WASHINGTON — U.S. Senators Ben Cardin (D-Md.), Bill Cassidy, M.D. (R-La.) and Bill Nelson (D-Fla.) today introduced the Comprehensive Opioid Management and Bundled Addiction Treatment (COMBAT) Act to increase access to opioid treatment programs and services for seniors on Medicare. The legislation would provide coverage and reimbursement in the form of a bundled payment for opioid treatment programs and services, including medication assisted treatment, counseling, behavioral and group therapy, toxicology testing, and any other services that the Secretary deems necessary.

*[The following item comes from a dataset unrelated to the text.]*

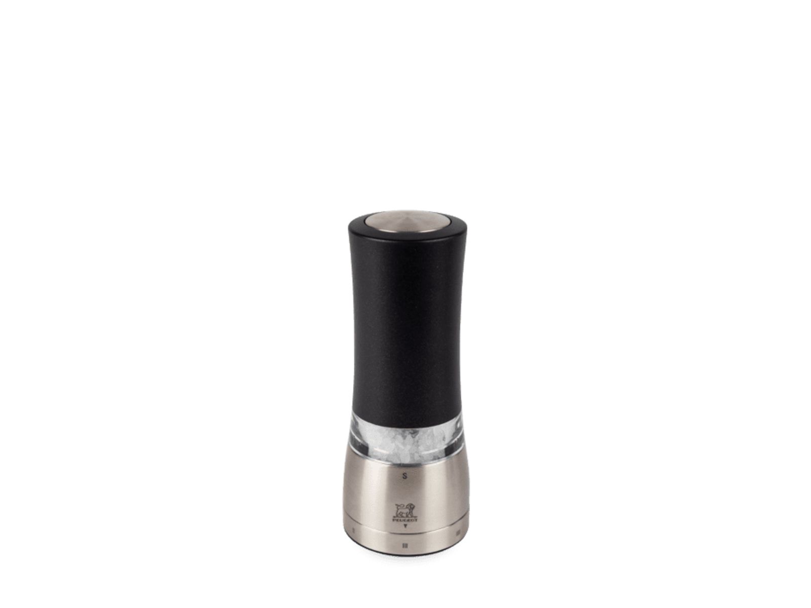 DDe elektrische zoutmolen u'Select, 16 cm, weet roestvrij staal elegant te combineren met een afwerking in iriserend zwart. Je bedient deze handige elektrische zoutmolen met één hand, door een simpele druk op de knop breng je je gerechten op smaak terwijl je in de potten blijft roeren. Dankzij het lichtje dat brandt tijdens het malen, kan je makkelijk de juiste hoeveelheid zout doseren. Hul je tafel in verfijnde elegantie met de elektrische zoutmolen u'Select in iriserend zwart.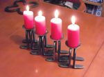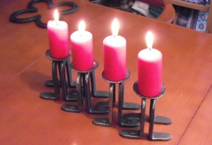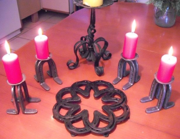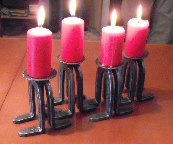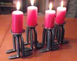 Vier Kerzenständer, aus Hufeisen geschmiedet, Höhe ca. 140 mm. Einzeln oder als Gruppe verwendbar. X

“The opioid epidemic has devastated this country, with no corner of society immune from its negative impacts. This includes the Medicare population, where there is a growing prevalence of opioid use disorder and opioid related hospitalizations. This bill not only provides those on Medicare with the medication assisted treatment they require, but also gives these beneficiaries access to counseling and other care coordination services to help them overcome their addiction,” said Senator Cardin. “Together we can beat this epidemic, and this bipartisan legislation will move us closer to that goal.”
“To combat the opioid crises, we need a strong, sustained, ‘do everything’ response,” said Dr. Cassidy. “This bill ensures seniors have access to the resources needed to fight addiction and return to wholeness.”

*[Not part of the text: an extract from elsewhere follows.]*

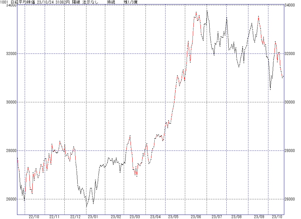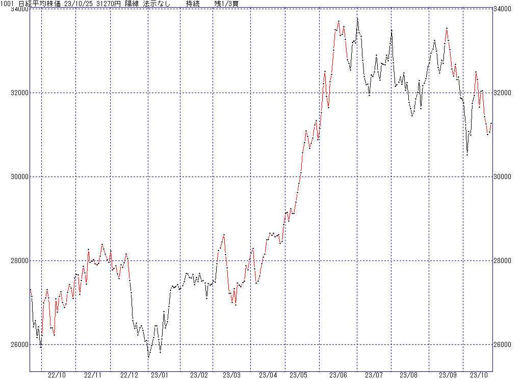 2023年10月25日(水)日中の取引終了時点で算出した中源線シグナルです。

“More and more seniors who depend on Medicare for their health care are becoming addicted to opioids. They need our help, and this bill will help provide them access to comprehensive addiction treatment so they can get the care they need when and where they need it,” said Senator Nelson.
Almost one-third of all Medicare patients — nearly 12 million people — were prescribed opioid painkillers by their physicians in 2015. That same year, 2.7 million Americans over age 50 abused painkillers, meaning they took them for reasons or in amounts beyond what their doctors prescribed. The hospitalization rate due to opioid abuse has quintupled for those 65 and older in the past two decades.